BIOGEOCHEMICAL EVALUATION OF THE TAB SIMCO MINE DRAINAGE TREATMENT SYSTEM

Tab Simco is an abandoned coal mine located southeast of Carbondale in Jackson County, Illinois. Acid mine drainage (AMD) discharges from the abandoned mine workings have low pH (~2.5) and high average concentration of dissolve ions: Fe = 597 mg/L, Al = 140 mg/L, Mn = 39.7 mg/L, and SO₄^2- = 3,540 mg/L. To abate this problem a passive-type treatment system was constructed in 2007 by the Illinois Department of Natural Resources, Office of Mines and Minerals.  The principle technology employed has been a 0.75-acre sulfate-reducing bioreactor, which is one of the first full scale system employed for the treatment of acidic, coal mine drainage in the US.  The bioreactor was constructed in three layers: a shallow acid impoundment, an underlying thick layer of compost, and finally limestone with embedded drain pipes.  A series of oxidation cells follow the bioreactor unit before discharge into Sycamore creek. 
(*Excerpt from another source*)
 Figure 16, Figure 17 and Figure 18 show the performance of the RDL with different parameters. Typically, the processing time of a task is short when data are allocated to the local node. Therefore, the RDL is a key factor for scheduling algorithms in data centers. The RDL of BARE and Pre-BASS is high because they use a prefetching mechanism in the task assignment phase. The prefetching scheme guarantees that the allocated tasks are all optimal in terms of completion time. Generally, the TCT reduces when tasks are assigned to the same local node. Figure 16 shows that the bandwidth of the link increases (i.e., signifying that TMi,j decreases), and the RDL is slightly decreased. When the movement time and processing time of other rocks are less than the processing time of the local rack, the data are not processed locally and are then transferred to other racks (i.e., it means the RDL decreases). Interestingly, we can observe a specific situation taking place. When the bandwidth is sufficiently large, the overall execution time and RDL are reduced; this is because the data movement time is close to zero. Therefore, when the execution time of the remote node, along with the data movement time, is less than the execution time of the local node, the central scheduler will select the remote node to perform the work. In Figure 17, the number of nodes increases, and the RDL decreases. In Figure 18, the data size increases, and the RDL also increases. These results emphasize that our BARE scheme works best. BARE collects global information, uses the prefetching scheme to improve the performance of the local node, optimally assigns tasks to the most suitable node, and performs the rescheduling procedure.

To analyze the bacterial community associated with the site, molecular analysis of DNA extracted from the acid mine pond, the bioreactor outlet, and the post-treatment pond was performed by amplification and cloning of the 16S rRNA gene (present in all bacteria) and the dissimilatory sulfite reductase genes (only found in sulfate-reducing bacteria).  Preliminary results show that DNA sequences corresponding to bacteria capable of sulfate reduction were present.  However, the sequences were most similar to bacterial species that preferentially reduce nitrate over sulfate.  This molecular data was supported by the subsequent isolation of Desulfovbirio strains capable of anaerobic sulfate reduction under controlled laboratory conditions.  Sequences related to bacterial species that are not capable of sulfate reduction, but are able to use complex carbon sources such as cellulose were also detected.  While this finding is expected due to the presence of compost in the bioreactor, it suggests that simple dissolved organic carbon sources often utilized by sulfate reducers, such as lactate, may not be available to promote efficient bacterial sulfate reduction.  Thus, the relatively high level of sulfate detected in the post-treatment pond is likely due to both the available organic substrate and the presence of nitrate. These results will be used to improve bioreactor design and ultimately the water quality at the AMD treatment site.